A python wrapper for API Offres d'emploi v2 available on Emploi Store (Pole Emploi).
To use the API, you need to subscribe to the Api Offres d'emploi v2. Here are the steps:
- Create an account on Emploi store
- Go to the dashboard (Tableau de bord) and create an application. You should then have the client ID (Identifiant) and client secret key (Clé secrète).
- Go to catalogue and subscribe to Api Offres d'emploi v2
The package can be installed via pip:
pip install api-offres-emploi
To authentificate, create an instance of Api
with your client id and secrets (you might want to access these two variables through environment variables instead of hardcoding them):
from offres_emploi import Api
client = Api(client_id="<your client id>",
client_secret="<your client secret>")
The API Offres d'emploi v2 has two methods :
search
: return aggregate count (named filtresPossibles) of the job offers along with the detailed list of these job offers (named resultats). A lot of parameters are available : date, keywords, localization, etc. Extensive information on the website page Rechercher par critères.referentiel
: return reference source (more information on the website page Référentiels).

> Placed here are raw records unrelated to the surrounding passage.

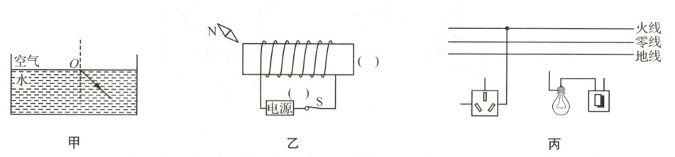 (3) 在图丙中,用笔画线代替导线,将插座、开关和灯泡正确连入家庭电路.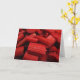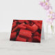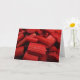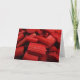 Diese leere Notizkarte zeigt die Nahaufnahme von kunstvollen Rhabarber Stalks (Rheum rhabarbarum), die zum Kuchen oder Sauce aufgeschnitten sind. Die Anordnung der Stücke und die schöne rote Farbe schaffen ein interessantes abstraktes Muster. Manchmal als Obst und manchmal als Gemüse, ist diese Kräuterpflanze eine der ersten Frühlingsesser im Garten. Die Wurzeln werden in der traditionellen chinesischen Medizin verwendet.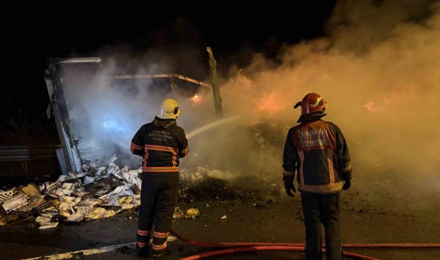 Kuzey Marmara Otoyolu Sakarya geçişinde seyir halindeki ambar malzemesi yüklü tırın dorsesi alev alev yandı. İtfaiye ekiplerinin uzun uğraşları neticesinde yangın kontrol altına alınarak söndürüldü.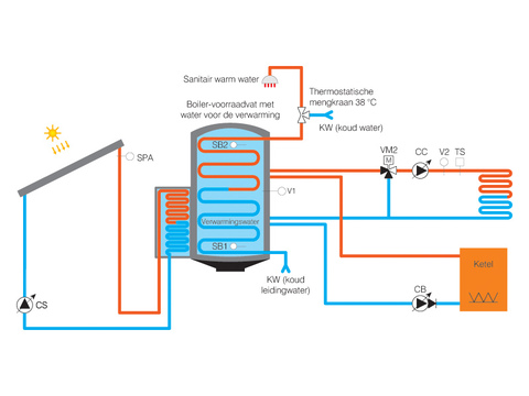 Hij is dus voorzien voor elke eengezinsinstallatie met bijv. een vloerverwarming met (voor)verwarming via zonnepanelen en een sanitair warmwaterproductie via geaccumuleerde zonne-energie.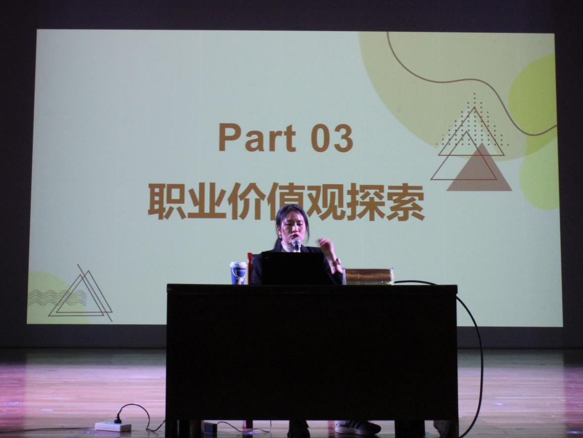 十二老师从行业、企业、工作岗位三个方面为同学们提供了择业时的参考依据,并强调大学期间参与的社会实践是我们今后能否顺利就业的关键。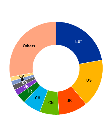 Note: Panel a: CA = Canada, CH = Switzerland, CN = China, EU* = non-euro area EU, UK = United Kingdom, IN = India, JP = Japan, KR = Republic of Korea, TR = Türkiye, US = United States.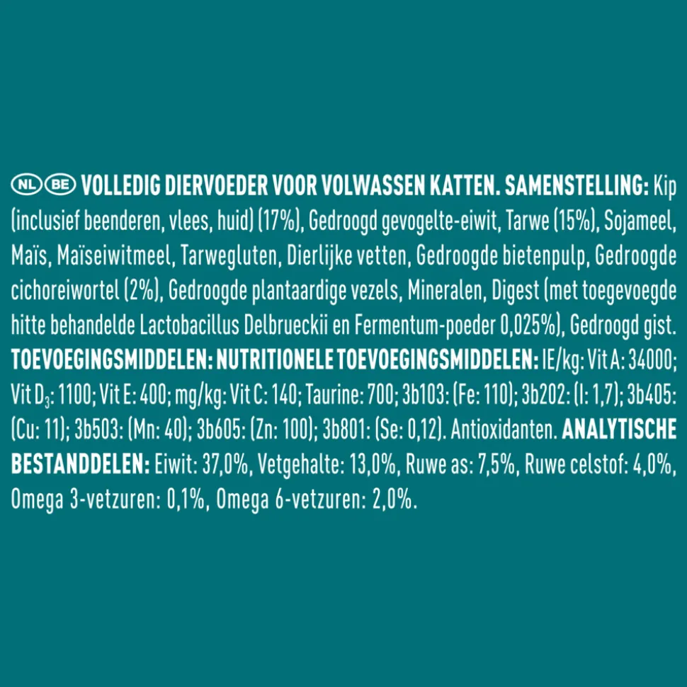 Kip(16%), gedroogde gevogelte-eiwitten, tarwe (14%), sojameel, maïs, maïsglutenmeel, dierlijk vet, tarweglutenmeel, gedroogde bietenpulp, gedroogde cichoreiwortel, mineralen, digest (met toegevoegd hittebehandeld Lactobacillus Delbrueckii en Fermentum poeder (0,025%)), gist

About range and pagination: In the method search
, only the first 150 job offers are returned by default by the API (since the default range
value is 0-149
). There are three constraints regarding the range
parameter (see the reference for the parameter 'range'):
- the maximal value for the first element of range is 1000
- the maximal value for the second element of range is 1149
- the number of result for a given requests must be inferior or equals to 150
Hence for a given search, it is possible to get up to 1150 job offers, by modifying the value of the parameter range
for each request (0-149
then 150-299
, 300-449
, etc.). However some search
might have much more than 1150 job offers. In this case one has to narrow down the search using additional parameters (for instance: by playing with the parameters minCreationDate
and maxCreationDate
of the request).
Limit rate : The API limit rate is set to 3 requests per second.

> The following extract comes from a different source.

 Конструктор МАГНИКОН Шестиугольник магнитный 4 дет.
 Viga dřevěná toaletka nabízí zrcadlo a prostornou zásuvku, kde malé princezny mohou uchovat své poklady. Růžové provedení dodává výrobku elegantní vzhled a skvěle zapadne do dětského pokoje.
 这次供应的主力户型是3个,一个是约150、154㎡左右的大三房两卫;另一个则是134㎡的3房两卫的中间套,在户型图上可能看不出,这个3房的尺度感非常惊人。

Equivalence between the API Offres d'emploi v2 methods and this module methods: The 2 main methods from Api Offres d'emploi v2 have the same name in the python module (search
and referentiel
) and are methods of the module class Api
. One notable difference is that the output of search
of this module has an additional Content-Range
entry (describe hereafter).
The API Offres d'emploi v2 has default parameters, so we can make a requests without parameters (will return the latest job offers) :
basic_search = client.search()
The output of the module's Api.search
method is the same as the Api Offres d'emploi v2 (dictionnary with entries filtresPossibles
and resultats
) with an additional entry, Content-Range
, that gives the first and last index used for the range
parameter along with the total number of available job offers for this request. For instance :
basic_search['Content-Range']
will output :
{'first_index': '0', 'last_index': '149', 'max_results': '300749'}
The other fields (filtresPossibles
and resultats
) are explored further the section 4.
A more sensible approach would be to search for special keyword over a certain period, for instance the job offers with that include the keyword big data since 2020-03-01 at 12h30.

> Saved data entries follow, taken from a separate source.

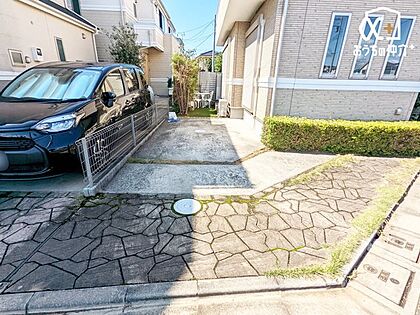 広々としたカースペース。前面道路も広く、お車の出し入れもスムーズに行えます。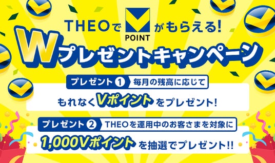SMBC日興証券は10月1日(水)より「THEOでVポイントがもらえる!Wプレゼントキャンペーン」を実施いたします。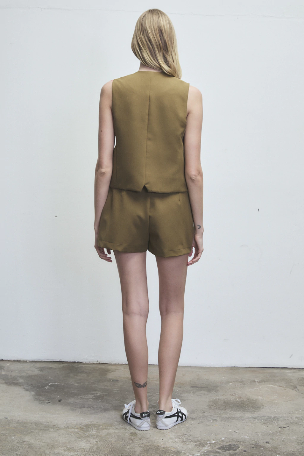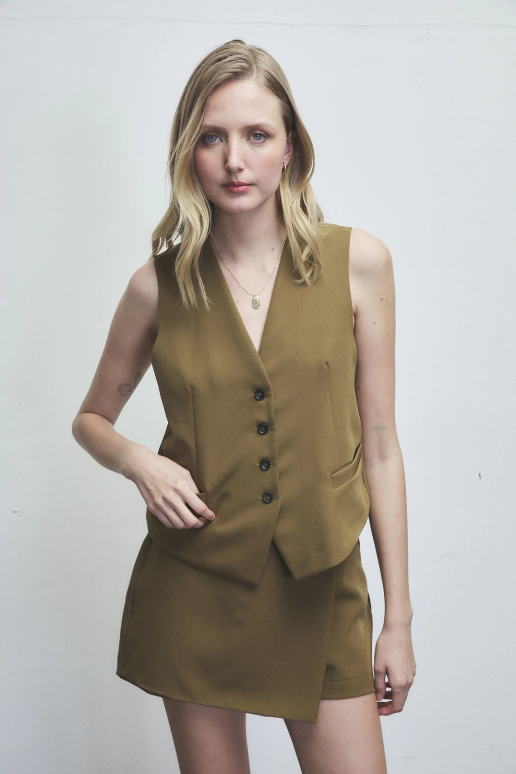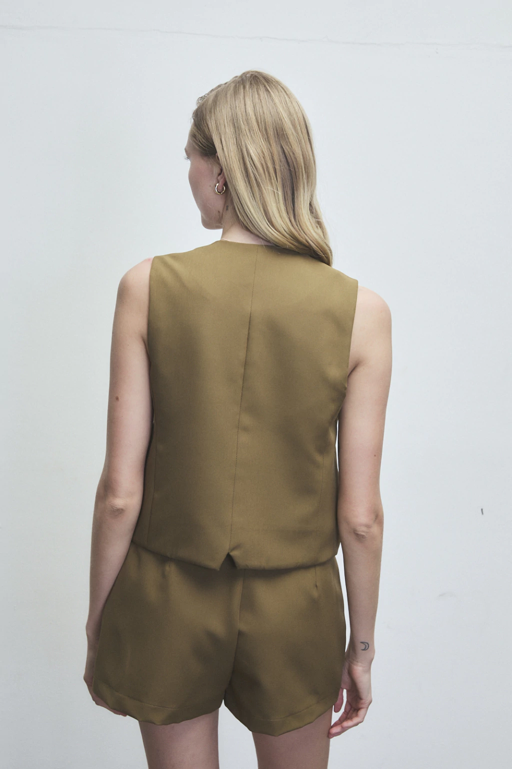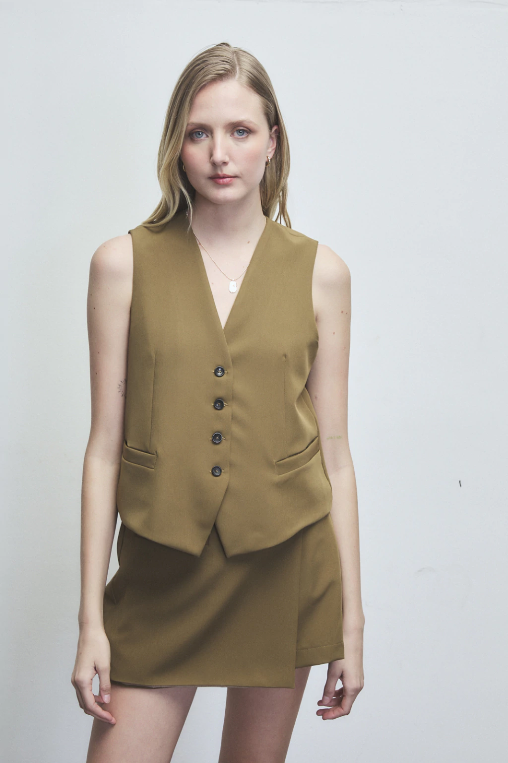 Chaleco Sastrero. Calce ligeramente entallado y escote en V, posee 4 botones lineales que prenden al centro, bolsillo ojal decorativo a los costados. Espaldín interno en tela base. La prenda está totalmente forrada.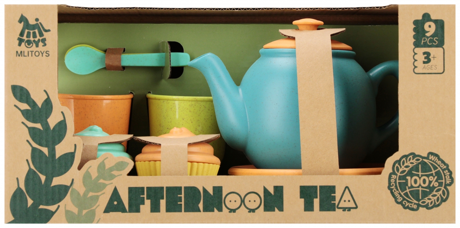 Zawartość zestawu dzbanek na herbatę/kawę, 2x talerzyk, 2x kubek, 2x muffinek, 2x łyżeczka mała.

from offres_emploi.utils import dt_to_str_iso
import datetime
start_dt = datetime.datetime(2020, 3, 1, 12, 30)
end_dt = datetime.datetime.today()
params = {
"motsCles": "data science",
'minCreationDate': dt_to_str_iso(start_dt),
'maxCreationDate': dt_to_str_iso(end_dt)
}
search_on_big_data = client.search(params=params)
The full list of parameters for the search
request are available in the page Rechercher par critères. These parameters are passed as dictionary to the parameter params
. Note that the keys of this dictionnary are in camelCase, as in the API Offres d'emploi v2 specification. Also, we feed a datetime
object to the helper function dt_to_str_iso
to convert it to a string with the appropriate ISO-8601 format required by the API.
Getting reference source (referentiel in french) is more straightforward since it does not need any parameter ; one just need to specify the desired reference source:
referentiel_metiers = client.referentiel('metiers')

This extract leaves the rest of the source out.